An unchanged copy of each entry below is needed; keep the pictures out of it.

◇ ◇ ◇ ◇

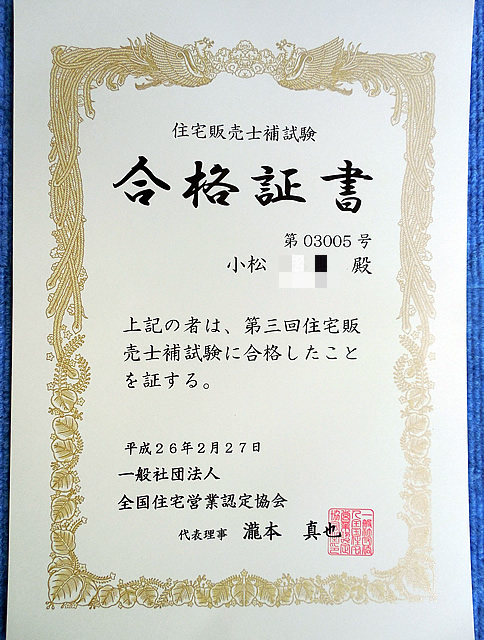 一般社団法人 全国住宅営業認定協会による認定制度になります。
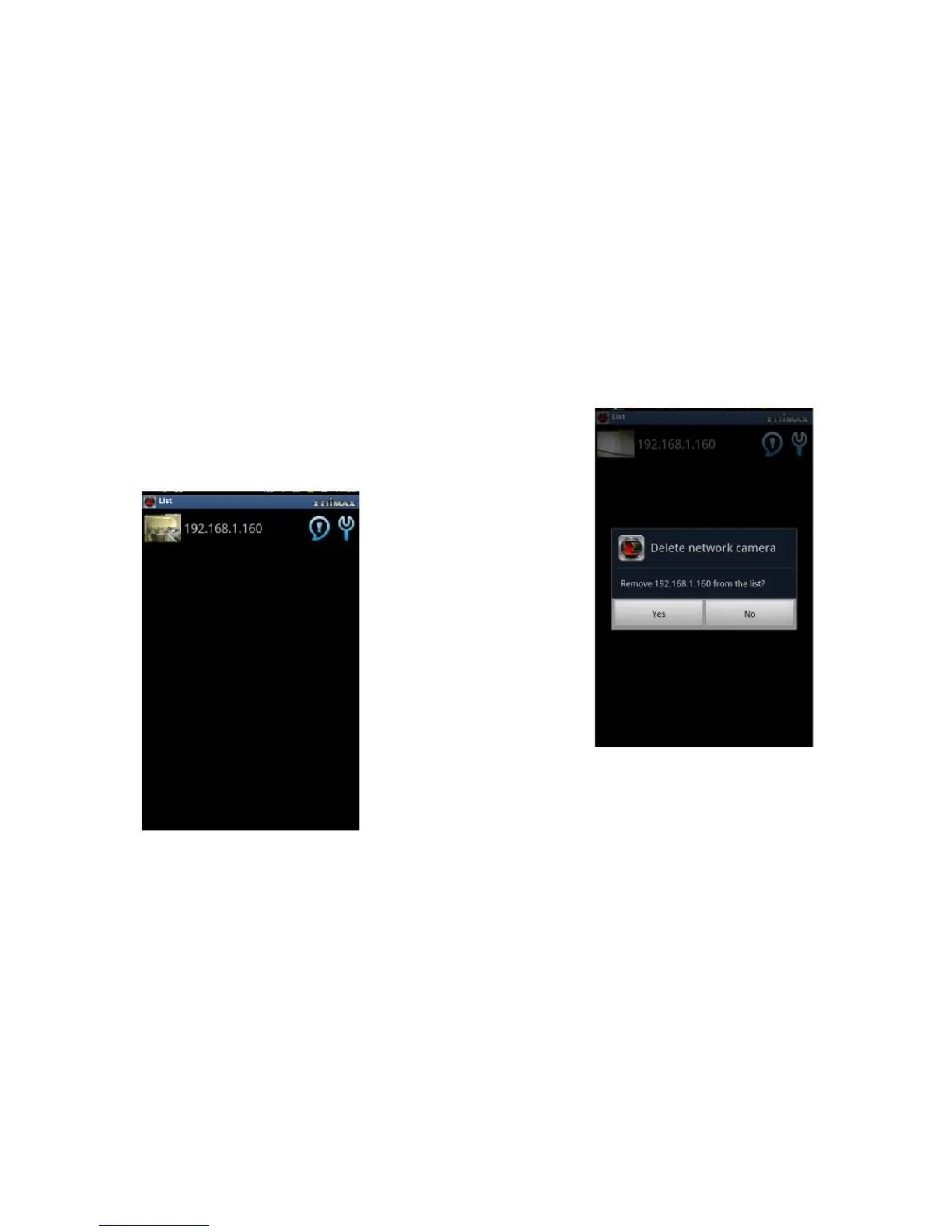 3. Tap Yes to remove the network camera from the list.
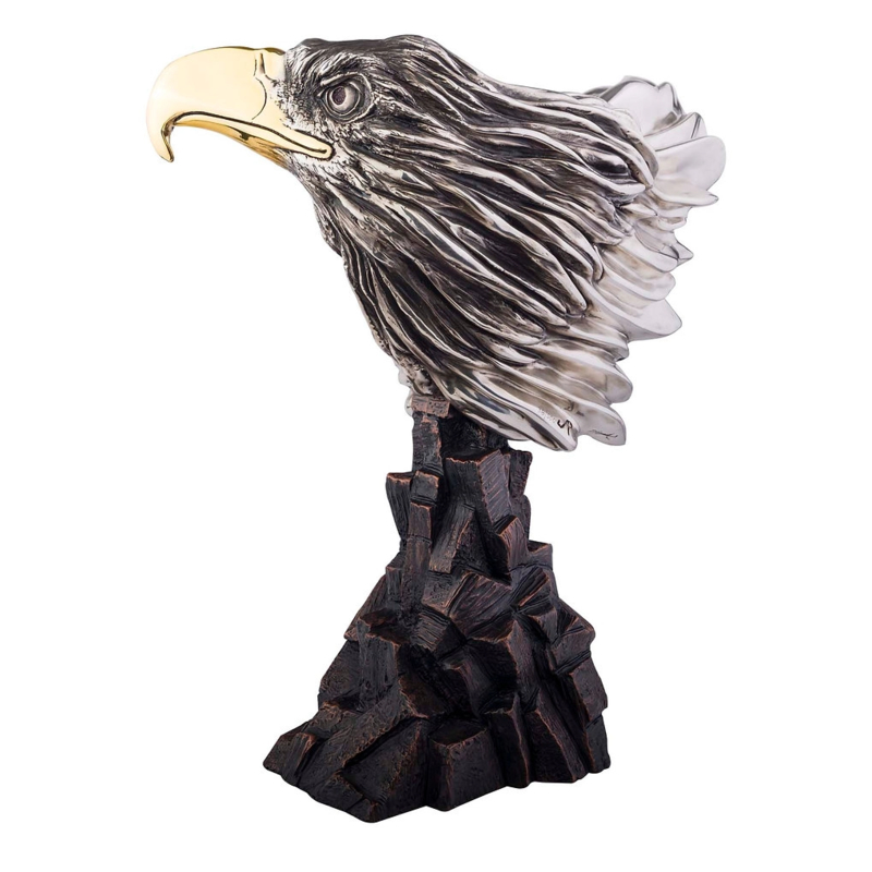 Diese Tieradlerskulptur ist aus Bronze und Edelstahl gefertigt. Die Gesamtform ist voller Designgefühl und die Details sind gut gemacht. Es ist eine gute Wahl, egal ob sie für die Innen- oder Außendekoration verwendet wird.
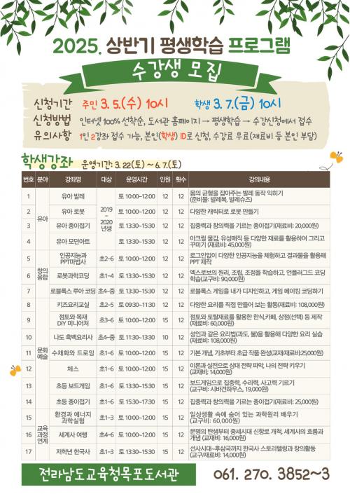 [½Åµ¿¾Æ¹æ¼Û Àü³²¸ñÆ÷=À̽ŵ¿±âÀÚ] Àü¶ó³²µµ±³À°Ã»¸ñÆ÷µµ¼­°üÀº 3¿ù 5ÀÏ(¼ö)ºÎÅÍ 3¿ù 11ÀÏ(È­)±îÁö Çлý ¹× ÁÖ¹ÎÀ» ´ë»óÀ¸·Î ¡¸2025. »ó¹Ý±â Æò»ýÇнÀ ÇÁ·Î±×·¥¡¹¼ö°­»ýÀ» ¸ðÁýÇÑ´Ù. À̹ø ÇÁ·Î±×·¥ÀÇ ÁÖ¿ä ³»¿ëÀº Çлý ´ë»ó¡®ÀΰøÁö´É°ú PPT¸¶¹ý»ç¡¯,¡®·Îºí·Ï½º ·ç¾Æ¡¦
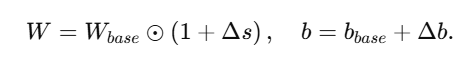 고정된 기본 필터 $W_{base}$와 기본 바이어스 $b_{base}$가 주어지면, 실제 매개변수는 다음과 같이 정의됩니다:
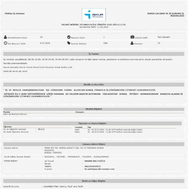Yayımlanan ilanda; 18-45 yaş arası üç vardiyalı çalışabilecek (08:00-16:00, 16:00-24:00, 24:00-08:00), kablo donanımı ile ilgili olarak montaj, paketleme ve bantlama kısmında görev alacak operatörler arandığı belirtildi. Adaylarda tecrübe aranmadığı da not düşüldü.

◇ ◇ ◇ ◇

## Written answer:
 一般社団法人 全国住宅営業認定協会による認定制度になります。
 3. Tap Yes to remove the network camera from the list.
 Diese Tieradlerskulptur ist aus Bronze und Edelstahl gefertigt. Die Gesamtform ist voller Designgefühl und die Details sind gut gemacht. Es ist eine gute Wahl, egal ob sie für die Innen- oder Außendekoration verwendet wird.
 [½Åµ¿¾Æ¹æ¼Û Àü³²¸ñÆ÷=À̽ŵ¿±âÀÚ] Àü¶ó³²µµ±³À°Ã»¸ñÆ÷µµ¼­°üÀº 3¿ù 5ÀÏ(¼ö)ºÎÅÍ 3¿ù 11ÀÏ(È­)±îÁö Çлý ¹× ÁÖ¹ÎÀ» ´ë»óÀ¸·Î ¡¸2025. »ó¹Ý±â Æò»ýÇнÀ ÇÁ·Î±×·¥¡¹¼ö°­»ýÀ» ¸ðÁýÇÑ´Ù. À̹ø ÇÁ·Î±×·¥ÀÇ ÁÖ¿ä ³»¿ëÀº Çлý ´ë»ó¡®ÀΰøÁö´É°ú PPT¸¶¹ý»ç¡¯,¡®·Îºí·Ï½º ·ç¾Æ¡¦
 고정된 기본 필터 $W_{base}$와 기본 바이어스 $b_{base}$가 주어지면, 실제 매개변수는 다음과 같이 정의됩니다:
Yayımlanan ilanda; 18-45 yaş arası üç vardiyalı çalışabilecek (08:00-16:00, 16:00-24:00, 24:00-08:00), kablo donanımı ile ilgili olarak montaj, paketleme ve bantlama kısmında görev alacak operatörler arandığı belirtildi. Adaylarda tecrübe aranmadığı da not düşüldü.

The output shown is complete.